START Input records
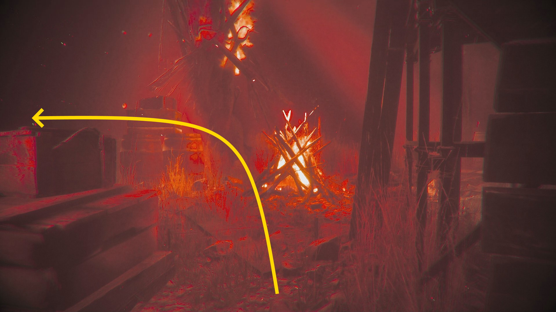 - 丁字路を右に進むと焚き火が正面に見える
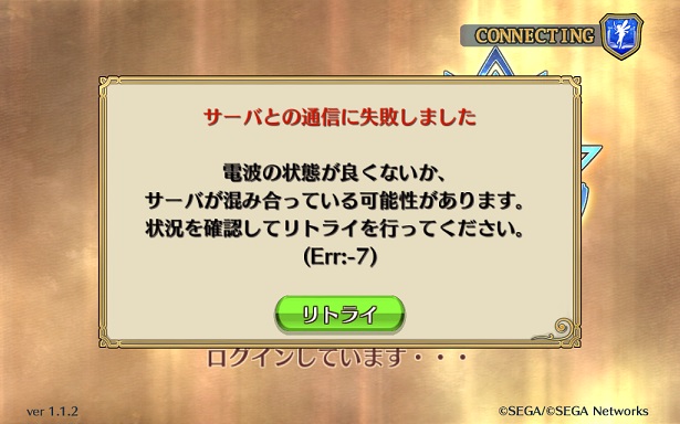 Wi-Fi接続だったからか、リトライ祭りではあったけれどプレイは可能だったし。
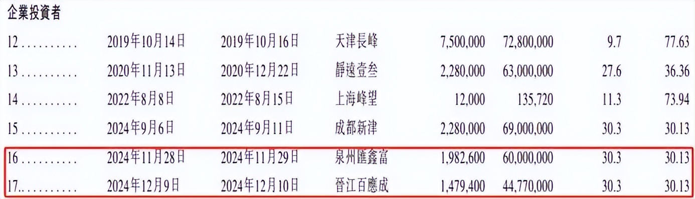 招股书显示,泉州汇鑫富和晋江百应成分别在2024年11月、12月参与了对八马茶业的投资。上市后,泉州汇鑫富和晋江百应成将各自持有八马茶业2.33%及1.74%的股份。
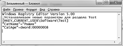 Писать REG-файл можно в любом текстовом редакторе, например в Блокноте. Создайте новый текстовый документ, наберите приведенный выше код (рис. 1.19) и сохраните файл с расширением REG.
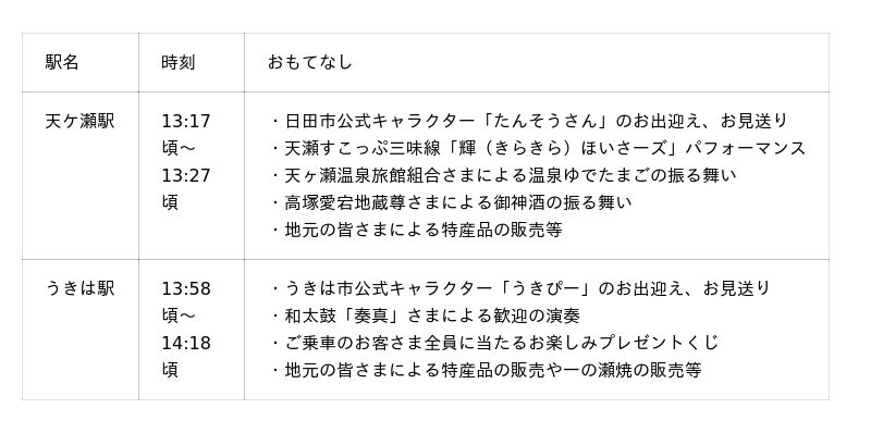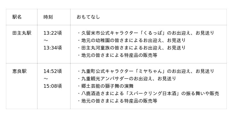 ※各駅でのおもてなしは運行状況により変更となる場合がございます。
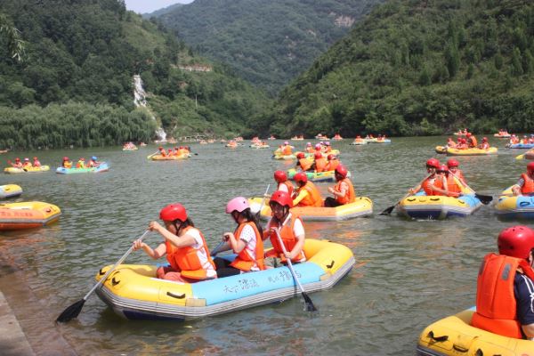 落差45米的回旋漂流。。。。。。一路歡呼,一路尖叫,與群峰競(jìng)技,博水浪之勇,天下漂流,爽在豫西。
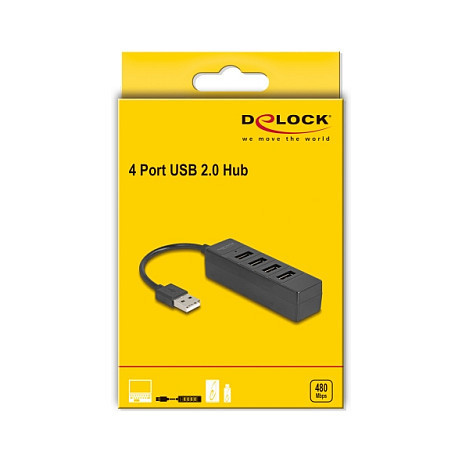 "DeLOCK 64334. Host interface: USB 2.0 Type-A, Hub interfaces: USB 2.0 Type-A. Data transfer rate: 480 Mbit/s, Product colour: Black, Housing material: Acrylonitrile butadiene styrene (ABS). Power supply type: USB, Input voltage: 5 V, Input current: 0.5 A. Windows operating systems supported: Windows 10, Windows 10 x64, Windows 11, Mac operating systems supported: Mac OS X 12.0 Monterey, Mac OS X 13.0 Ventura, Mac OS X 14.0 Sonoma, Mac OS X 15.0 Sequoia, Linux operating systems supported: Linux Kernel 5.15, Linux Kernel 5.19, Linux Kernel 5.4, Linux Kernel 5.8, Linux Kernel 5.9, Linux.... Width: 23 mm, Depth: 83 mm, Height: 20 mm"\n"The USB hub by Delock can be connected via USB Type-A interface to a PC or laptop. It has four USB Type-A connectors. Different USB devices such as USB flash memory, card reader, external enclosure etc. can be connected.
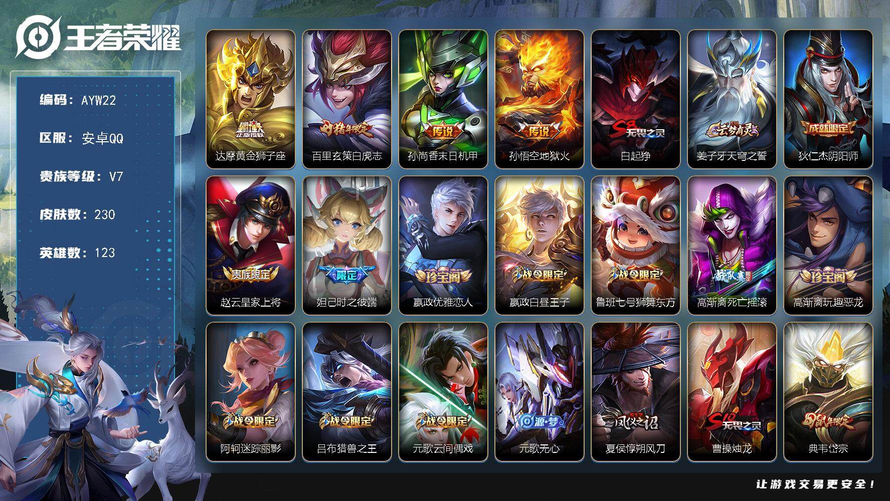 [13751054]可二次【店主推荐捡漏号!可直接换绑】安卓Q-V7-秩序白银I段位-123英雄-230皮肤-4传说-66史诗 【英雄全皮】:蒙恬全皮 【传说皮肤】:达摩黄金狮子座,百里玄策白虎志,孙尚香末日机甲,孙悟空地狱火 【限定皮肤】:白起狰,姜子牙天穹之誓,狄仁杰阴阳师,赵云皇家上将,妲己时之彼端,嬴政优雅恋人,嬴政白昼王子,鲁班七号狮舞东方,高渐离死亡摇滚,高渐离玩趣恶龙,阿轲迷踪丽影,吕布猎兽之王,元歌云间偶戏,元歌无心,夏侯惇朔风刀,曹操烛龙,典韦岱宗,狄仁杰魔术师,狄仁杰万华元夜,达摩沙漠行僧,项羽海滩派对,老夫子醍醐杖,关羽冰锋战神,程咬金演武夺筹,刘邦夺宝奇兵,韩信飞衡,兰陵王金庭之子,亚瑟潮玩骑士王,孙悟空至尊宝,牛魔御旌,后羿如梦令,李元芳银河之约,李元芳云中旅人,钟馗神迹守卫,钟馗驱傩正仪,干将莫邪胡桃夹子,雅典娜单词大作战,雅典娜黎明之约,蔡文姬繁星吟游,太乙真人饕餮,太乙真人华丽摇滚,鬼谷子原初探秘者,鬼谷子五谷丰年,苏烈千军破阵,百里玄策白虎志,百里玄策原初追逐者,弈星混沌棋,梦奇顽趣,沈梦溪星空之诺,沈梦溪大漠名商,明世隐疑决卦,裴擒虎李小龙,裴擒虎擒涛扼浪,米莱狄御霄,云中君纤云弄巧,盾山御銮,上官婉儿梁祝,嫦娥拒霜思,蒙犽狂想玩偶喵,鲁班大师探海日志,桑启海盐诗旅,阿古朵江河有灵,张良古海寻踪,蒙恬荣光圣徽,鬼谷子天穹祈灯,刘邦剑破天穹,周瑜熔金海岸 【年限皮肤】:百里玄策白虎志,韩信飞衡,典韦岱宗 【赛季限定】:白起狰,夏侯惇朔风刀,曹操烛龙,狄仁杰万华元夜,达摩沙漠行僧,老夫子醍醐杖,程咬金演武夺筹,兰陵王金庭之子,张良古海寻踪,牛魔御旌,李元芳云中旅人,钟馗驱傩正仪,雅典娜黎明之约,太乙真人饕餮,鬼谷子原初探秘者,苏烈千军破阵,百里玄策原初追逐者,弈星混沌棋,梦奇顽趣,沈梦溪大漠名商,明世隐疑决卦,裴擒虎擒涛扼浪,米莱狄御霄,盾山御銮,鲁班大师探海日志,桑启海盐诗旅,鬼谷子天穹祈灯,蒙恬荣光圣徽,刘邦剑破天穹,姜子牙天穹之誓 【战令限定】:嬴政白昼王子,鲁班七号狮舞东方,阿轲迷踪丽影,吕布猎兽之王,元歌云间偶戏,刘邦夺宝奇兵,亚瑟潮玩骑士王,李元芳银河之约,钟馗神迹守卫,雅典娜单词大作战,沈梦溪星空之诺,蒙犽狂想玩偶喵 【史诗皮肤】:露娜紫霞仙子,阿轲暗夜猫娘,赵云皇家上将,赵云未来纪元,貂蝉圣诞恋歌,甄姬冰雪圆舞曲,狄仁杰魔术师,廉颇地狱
END Input records
→ **Work task**
Omit every picture, then write out the entries above exactly.

→ **Expected output**
 - 丁字路を右に進むと焚き火が正面に見える
 Wi-Fi接続だったからか、リトライ祭りではあったけれどプレイは可能だったし。
 招股书显示,泉州汇鑫富和晋江百应成分别在2024年11月、12月参与了对八马茶业的投资。上市后,泉州汇鑫富和晋江百应成将各自持有八马茶业2.33%及1.74%的股份。
 Писать REG-файл можно в любом текстовом редакторе, например в Блокноте. Создайте новый текстовый документ, наберите приведенный выше код (рис. 1.19) и сохраните файл с расширением REG.
 ※各駅でのおもてなしは運行状況により変更となる場合がございます。
 落差45米的回旋漂流。。。。。。一路歡呼,一路尖叫,與群峰競(jìng)技,博水浪之勇,天下漂流,爽在豫西。
 "DeLOCK 64334. Host interface: USB 2.0 Type-A, Hub interfaces: USB 2.0 Type-A. Data transfer rate: 480 Mbit/s, Product colour: Black, Housing material: Acrylonitrile butadiene styrene (ABS). Power supply type: USB, Input voltage: 5 V, Input current: 0.5 A. Windows operating systems supported: Windows 10, Windows 10 x64, Windows 11, Mac operating systems supported: Mac OS X 12.0 Monterey, Mac OS X 13.0 Ventura, Mac OS X 14.0 Sonoma, Mac OS X 15.0 Sequoia, Linux operating systems supported: Linux Kernel 5.15, Linux Kernel 5.19, Linux Kernel 5.4, Linux Kernel 5.8, Linux Kernel 5.9, Linux.... Width: 23 mm, Depth: 83 mm, Height: 20 mm"\n"The USB hub by Delock can be connected via USB Type-A interface to a PC or laptop. It has four USB Type-A connectors. Different USB devices such as USB flash memory, card reader, external enclosure etc. can be connected.
 [13751054]可二次【店主推荐捡漏号!可直接换绑】安卓Q-V7-秩序白银I段位-123英雄-230皮肤-4传说-66史诗 【英雄全皮】:蒙恬全皮 【传说皮肤】:达摩黄金狮子座,百里玄策白虎志,孙尚香末日机甲,孙悟空地狱火 【限定皮肤】:白起狰,姜子牙天穹之誓,狄仁杰阴阳师,赵云皇家上将,妲己时之彼端,嬴政优雅恋人,嬴政白昼王子,鲁班七号狮舞东方,高渐离死亡摇滚,高渐离玩趣恶龙,阿轲迷踪丽影,吕布猎兽之王,元歌云间偶戏,元歌无心,夏侯惇朔风刀,曹操烛龙,典韦岱宗,狄仁杰魔术师,狄仁杰万华元夜,达摩沙漠行僧,项羽海滩派对,老夫子醍醐杖,关羽冰锋战神,程咬金演武夺筹,刘邦夺宝奇兵,韩信飞衡,兰陵王金庭之子,亚瑟潮玩骑士王,孙悟空至尊宝,牛魔御旌,后羿如梦令,李元芳银河之约,李元芳云中旅人,钟馗神迹守卫,钟馗驱傩正仪,干将莫邪胡桃夹子,雅典娜单词大作战,雅典娜黎明之约,蔡文姬繁星吟游,太乙真人饕餮,太乙真人华丽摇滚,鬼谷子原初探秘者,鬼谷子五谷丰年,苏烈千军破阵,百里玄策白虎志,百里玄策原初追逐者,弈星混沌棋,梦奇顽趣,沈梦溪星空之诺,沈梦溪大漠名商,明世隐疑决卦,裴擒虎李小龙,裴擒虎擒涛扼浪,米莱狄御霄,云中君纤云弄巧,盾山御銮,上官婉儿梁祝,嫦娥拒霜思,蒙犽狂想玩偶喵,鲁班大师探海日志,桑启海盐诗旅,阿古朵江河有灵,张良古海寻踪,蒙恬荣光圣徽,鬼谷子天穹祈灯,刘邦剑破天穹,周瑜熔金海岸 【年限皮肤】:百里玄策白虎志,韩信飞衡,典韦岱宗 【赛季限定】:白起狰,夏侯惇朔风刀,曹操烛龙,狄仁杰万华元夜,达摩沙漠行僧,老夫子醍醐杖,程咬金演武夺筹,兰陵王金庭之子,张良古海寻踪,牛魔御旌,李元芳云中旅人,钟馗驱傩正仪,雅典娜黎明之约,太乙真人饕餮,鬼谷子原初探秘者,苏烈千军破阵,百里玄策原初追逐者,弈星混沌棋,梦奇顽趣,沈梦溪大漠名商,明世隐疑决卦,裴擒虎擒涛扼浪,米莱狄御霄,盾山御銮,鲁班大师探海日志,桑启海盐诗旅,鬼谷子天穹祈灯,蒙恬荣光圣徽,刘邦剑破天穹,姜子牙天穹之誓 【战令限定】:嬴政白昼王子,鲁班七号狮舞东方,阿轲迷踪丽影,吕布猎兽之王,元歌云间偶戏,刘邦夺宝奇兵,亚瑟潮玩骑士王,李元芳银河之约,钟馗神迹守卫,雅典娜单词大作战,沈梦溪星空之诺,蒙犽狂想玩偶喵 【史诗皮肤】:露娜紫霞仙子,阿轲暗夜猫娘,赵云皇家上将,赵云未来纪元,貂蝉圣诞恋歌,甄姬冰雪圆舞曲,狄仁杰魔术师,廉颇地狱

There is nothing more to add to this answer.